→ Exercise: The reply should contain the full listing exactly as written and no pictures at all.

Dataset excerpt Start Marker

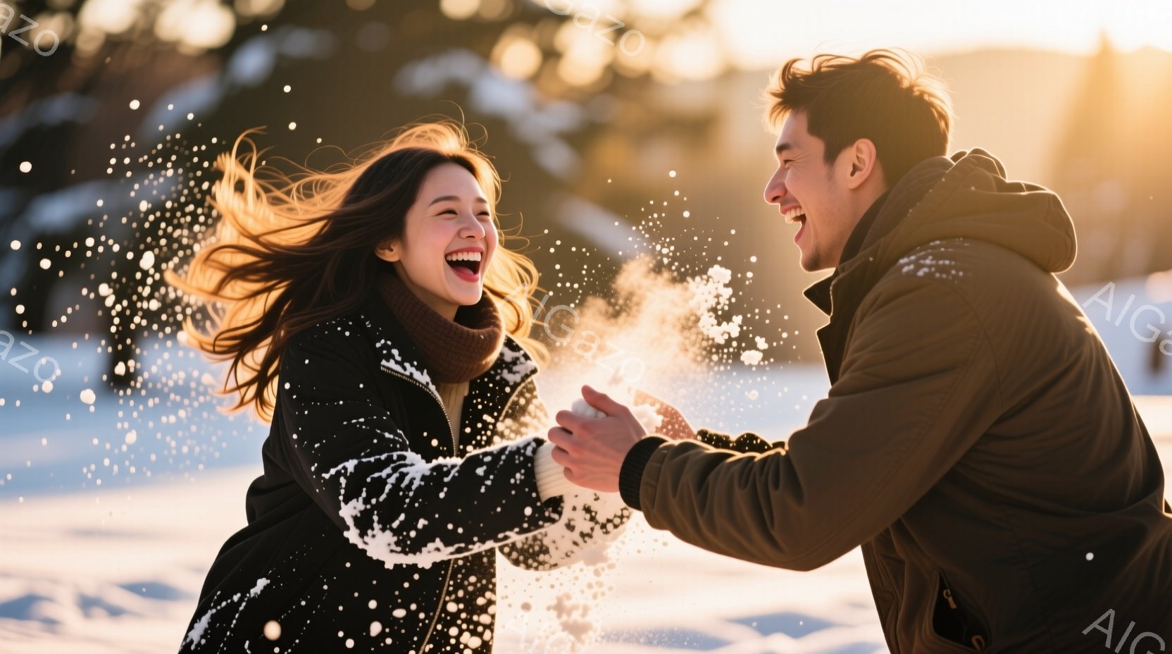雪景色の中、若い男女が雪合戦を楽しんでいる様子が写っている。女性は茶色のコートを着て、髪をなびかせながら満面の笑みを浮かべ、男性は黒いコートを着て、女性に雪を投げようとしている。背景には雪に覆われた平原と木々が広がり、夕暮れ時の暖かく優しい光が全体を包み込んでいる。
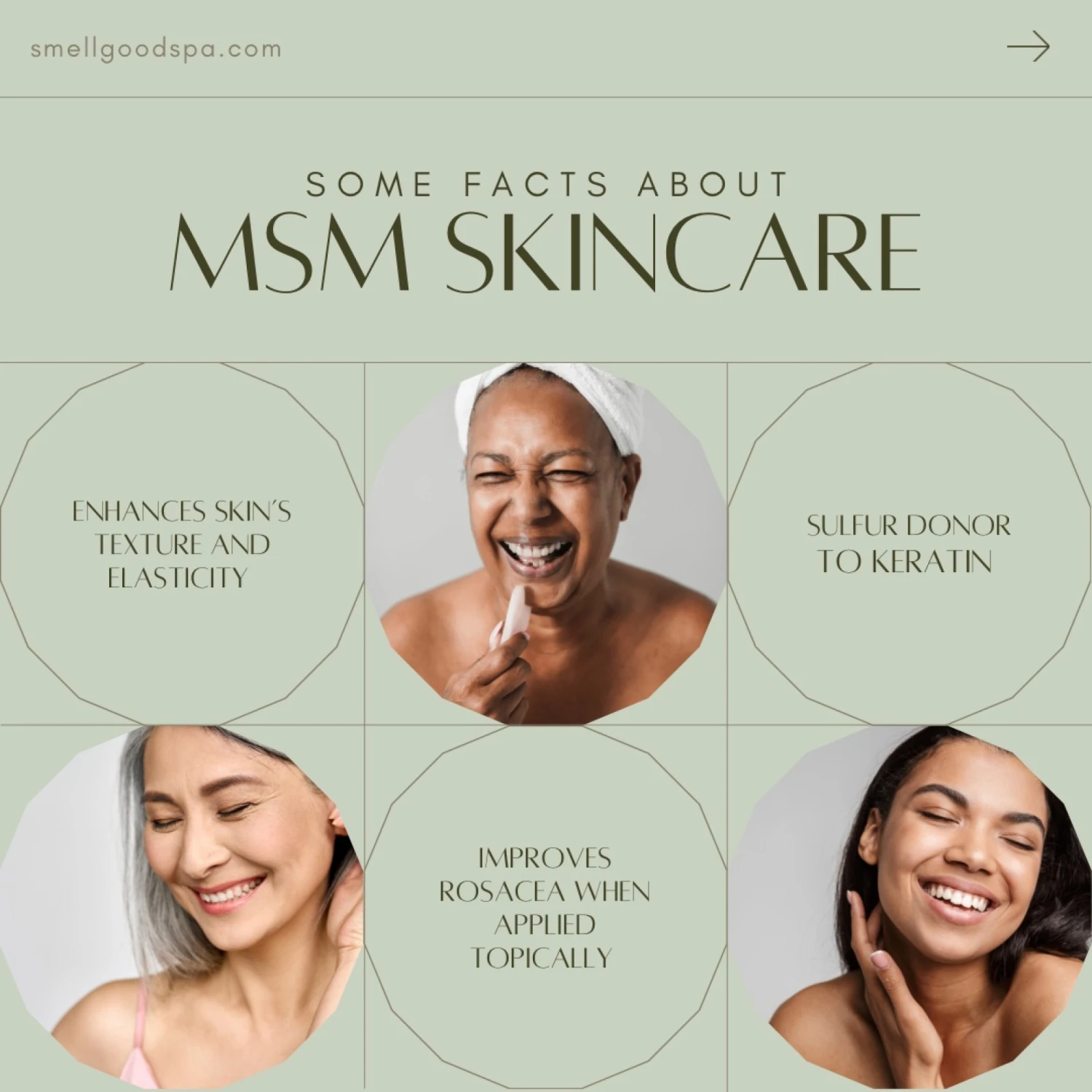 - MSM– Plumps skin. Supports keratin. Boosts collagen. (the main structural protein in skin is keratin. Keratin contains high levels of the sulfur-containing amino acid cysteine. Therefore, MSM may be beneficial for skin health by acting as a sulfur donor to keratin, which can help strengthen the important protein.)
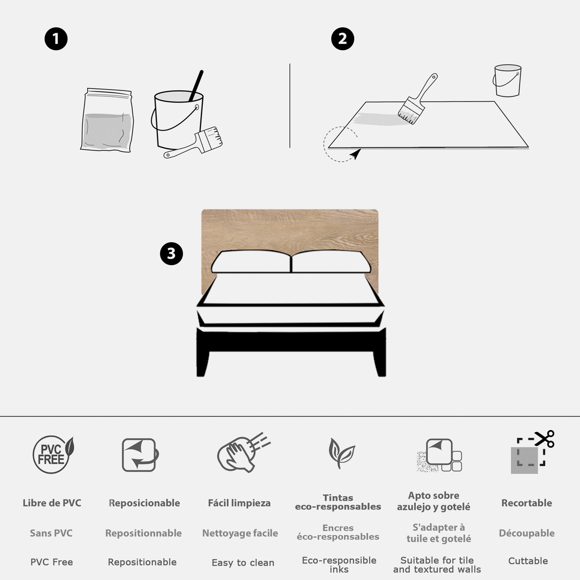 Tête de lit en vinyle pour murs lisses ou rugueux (gotelé). Matériau résistant, sans phtalates et ignifuge. La colle est incluse pour le placement sur le mur.

Dataset excerpt End Marker

→ Response to the task:
雪景色の中、若い男女が雪合戦を楽しんでいる様子が写っている。女性は茶色のコートを着て、髪をなびかせながら満面の笑みを浮かべ、男性は黒いコートを着て、女性に雪を投げようとしている。背景には雪に覆われた平原と木々が広がり、夕暮れ時の暖かく優しい光が全体を包み込んでいる。
 - MSM– Plumps skin. Supports keratin. Boosts collagen. (the main structural protein in skin is keratin. Keratin contains high levels of the sulfur-containing amino acid cysteine. Therefore, MSM may be beneficial for skin health by acting as a sulfur donor to keratin, which can help strengthen the important protein.)
 Tête de lit en vinyle pour murs lisses ou rugueux (gotelé). Matériau résistant, sans phtalates et ignifuge. La colle est incluse pour le placement sur le mur.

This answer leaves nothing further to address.